(Records from a dataset)
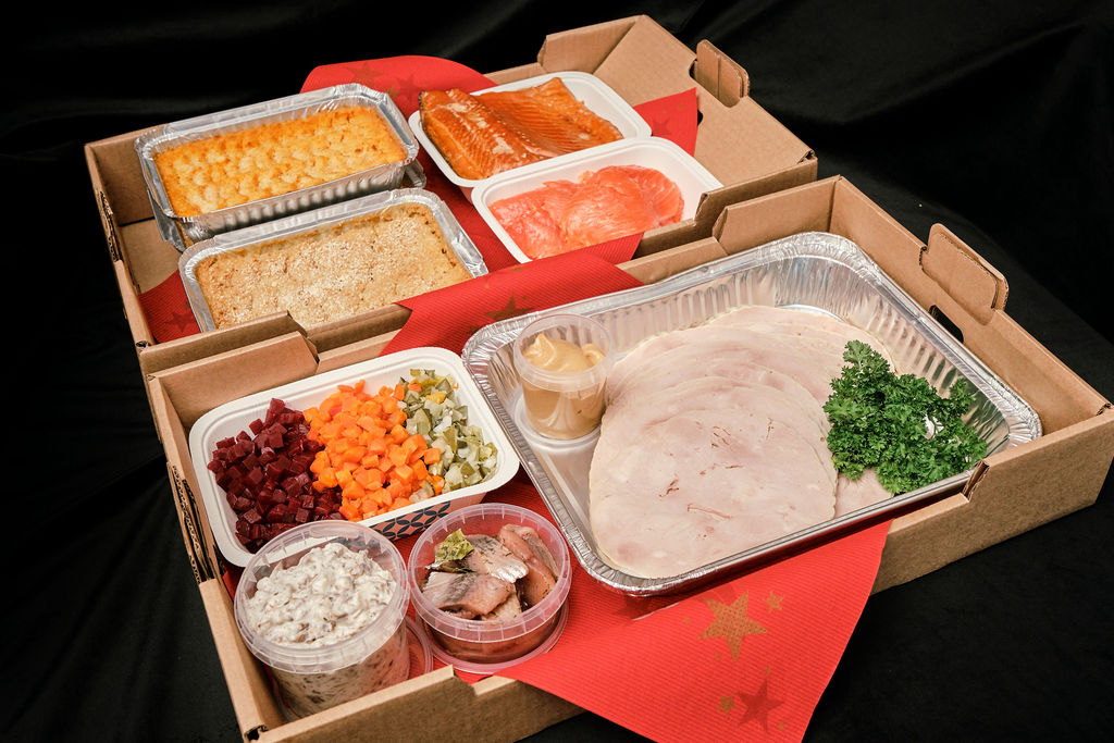 Rosolli, metsäsienisalaatti, jouluinen maustesilli, graavisuolattu lohi, savustettu kirjolohi, joulukinkkua, oman keittiön sinappi, lihapullat, lanttulaatikko, porkkanalaatikko ja perunalaatikko.
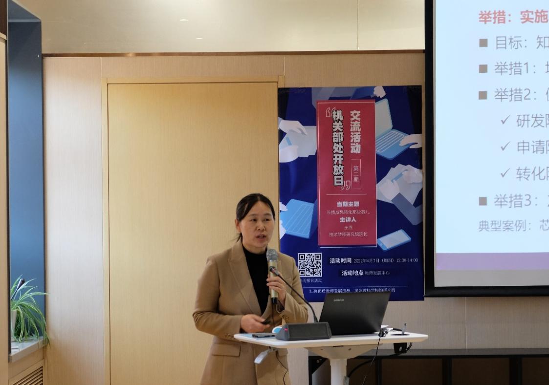 新葡萄新闻网4月11日电 4月7日下午,第二期“机关部处开放日”交流活动在教师发展中心举办。技术转移研究院院长王燕聚焦科技成果转化,对学校成果转化整体情况、成果转化常见问题、技术转移研究院服务内容等相关问题进行介绍,并与现场20余名教师深入交流。
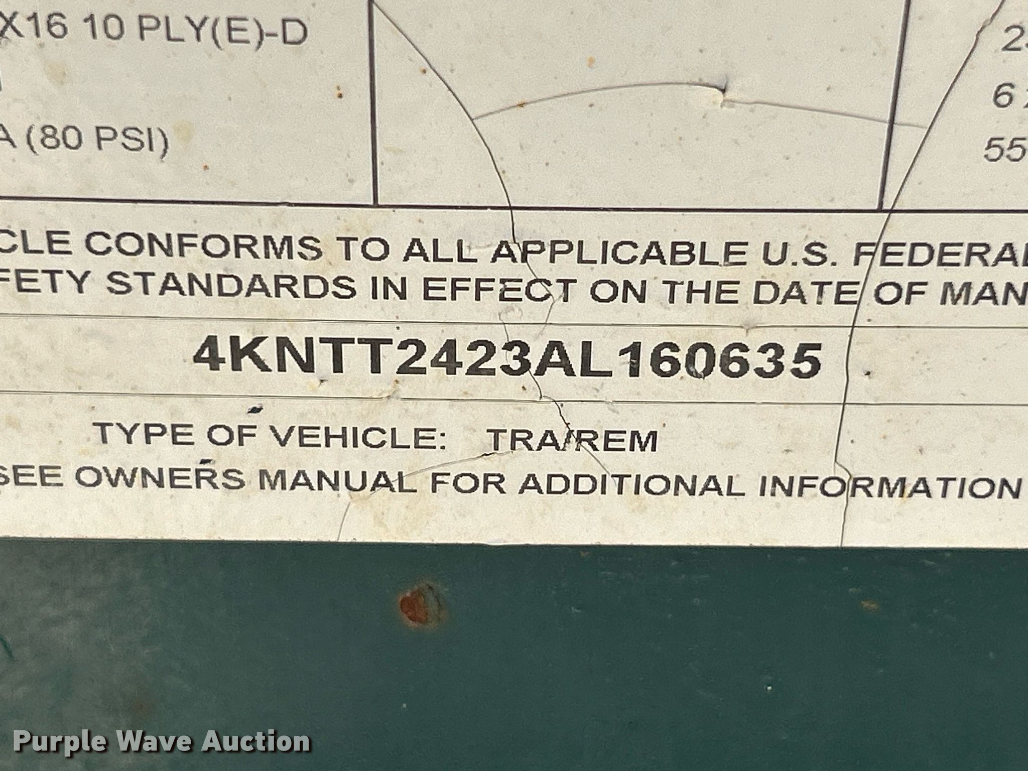 2010 Towmaster T-20 Deck Over Tilt tilt deck equipment trailer. VIN: 4KNTT2423AL160635. Dimensions Overall: 33' L x 101" W, Deck: 28' L x 101" W, Ramps: Manual Length: 16". Features Deck type: Wood. Chassis Hitch: Pintle, Landing gear: Single, Suspension: Spring, Brakes: Electric, Axles: Tandem, GVWR: 25,900 lbs, GAWR: 10,000 lbs. Tires Steel wheels, Size: 235/85R16. Missouri title. Title distribution may be delayed up to 14 days from verification of funds. M Turpin Services LLC. Foristell, MO 63348
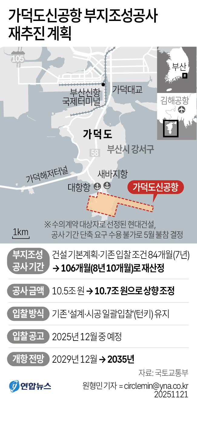 [그래픽] 가덕도신공항 부지조성공사 재추진 계획 /연합뉴스 제공
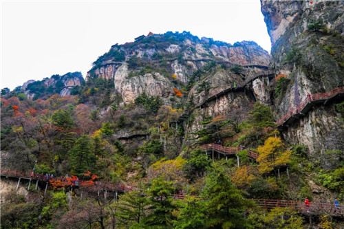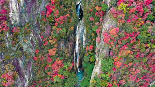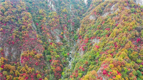 一旦入了秋,就入了畫中,溪澗奇瀑上,山崖峭壁上,五彩點(diǎn)綴其中,如臨仙境,這就是接下來的老君山。
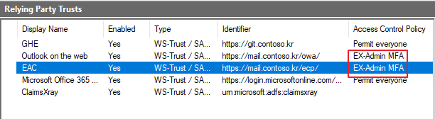 Relying Party Trusts 에서 적용할 항목을 선택 , Edit Access Control Policy
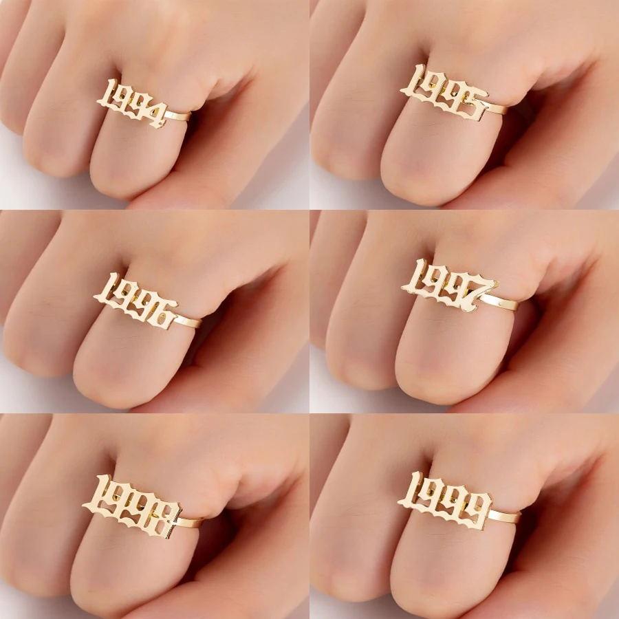 Oly2u панк 1994 1995 1996 кольца золотого цвета из нержавеющей стали для персонализации номера года открытые кольца Bague друзья ювелирные изделия на день рождения
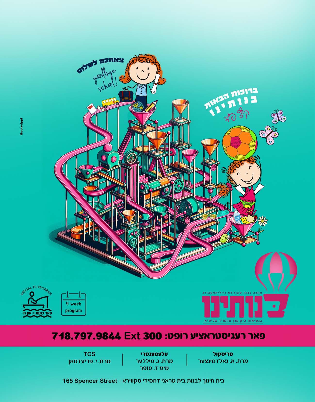 Chassidishe day camp seeking counselors for exciting summer program. For preschool - 718-490-6312 For elementary718-916-9359
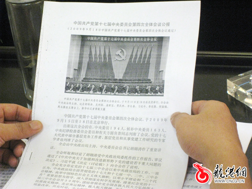 陈如奏和大家一起认真阅读了十七届四中全公报,然后作中心发言,畅谈学习体会。他说:四中全会是在新中国成立60周年之际,在应对国际国内重大挑战、推动党和国家事业实现新发展的关键一年召开的一次具有重要意义的会议。全会面对新的世情、国情、党情,保持了理性、清醒的头脑,高瞻远瞩地研究党建重点、破解党建难点、回应党建热点、提升党建高点,浓重抒写了党在执政中的自身建设宝贵经验,全面把握党内民主发展的新高度,新解少数领导干部腐败、执政能力不强等重大现实问题,筑牢执政党的组织之基、民意之基、思想之基。特别是冷静面对“四大考验”,提出“五大建设”目标,对当前和今后一个时期加强和改进党的建设做出了全面部署,形成了执政党建设的科学布局,这是60年我党执政史上一件非常有意义的大事,标志一个党建新阶段的开始。

### Exercise directions
Print all the records again exactly; do not include any picture.

### Your solution
 Rosolli, metsäsienisalaatti, jouluinen maustesilli, graavisuolattu lohi, savustettu kirjolohi, joulukinkkua, oman keittiön sinappi, lihapullat, lanttulaatikko, porkkanalaatikko ja perunalaatikko.
 新葡萄新闻网4月11日电 4月7日下午,第二期“机关部处开放日”交流活动在教师发展中心举办。技术转移研究院院长王燕聚焦科技成果转化,对学校成果转化整体情况、成果转化常见问题、技术转移研究院服务内容等相关问题进行介绍,并与现场20余名教师深入交流。
 2010 Towmaster T-20 Deck Over Tilt tilt deck equipment trailer. VIN: 4KNTT2423AL160635. Dimensions Overall: 33' L x 101" W, Deck: 28' L x 101" W, Ramps: Manual Length: 16". Features Deck type: Wood. Chassis Hitch: Pintle, Landing gear: Single, Suspension: Spring, Brakes: Electric, Axles: Tandem, GVWR: 25,900 lbs, GAWR: 10,000 lbs. Tires Steel wheels, Size: 235/85R16. Missouri title. Title distribution may be delayed up to 14 days from verification of funds. M Turpin Services LLC. Foristell, MO 63348
 [그래픽] 가덕도신공항 부지조성공사 재추진 계획 /연합뉴스 제공
 一旦入了秋,就入了畫中,溪澗奇瀑上,山崖峭壁上,五彩點(diǎn)綴其中,如臨仙境,這就是接下來的老君山。
 Relying Party Trusts 에서 적용할 항목을 선택 , Edit Access Control Policy
 Oly2u панк 1994 1995 1996 кольца золотого цвета из нержавеющей стали для персонализации номера года открытые кольца Bague друзья ювелирные изделия на день рождения
 Chassidishe day camp seeking counselors for exciting summer program. For preschool - 718-490-6312 For elementary718-916-9359
 陈如奏和大家一起认真阅读了十七届四中全公报,然后作中心发言,畅谈学习体会。他说:四中全会是在新中国成立60周年之际,在应对国际国内重大挑战、推动党和国家事业实现新发展的关键一年召开的一次具有重要意义的会议。全会面对新的世情、国情、党情,保持了理性、清醒的头脑,高瞻远瞩地研究党建重点、破解党建难点、回应党建热点、提升党建高点,浓重抒写了党在执政中的自身建设宝贵经验,全面把握党内民主发展的新高度,新解少数领导干部腐败、执政能力不强等重大现实问题,筑牢执政党的组织之基、民意之基、思想之基。特别是冷静面对“四大考验”,提出“五大建设”目标,对当前和今后一个时期加强和改进党的建设做出了全面部署,形成了执政党建设的科学布局,这是60年我党执政史上一件非常有意义的大事,标志一个党建新阶段的开始。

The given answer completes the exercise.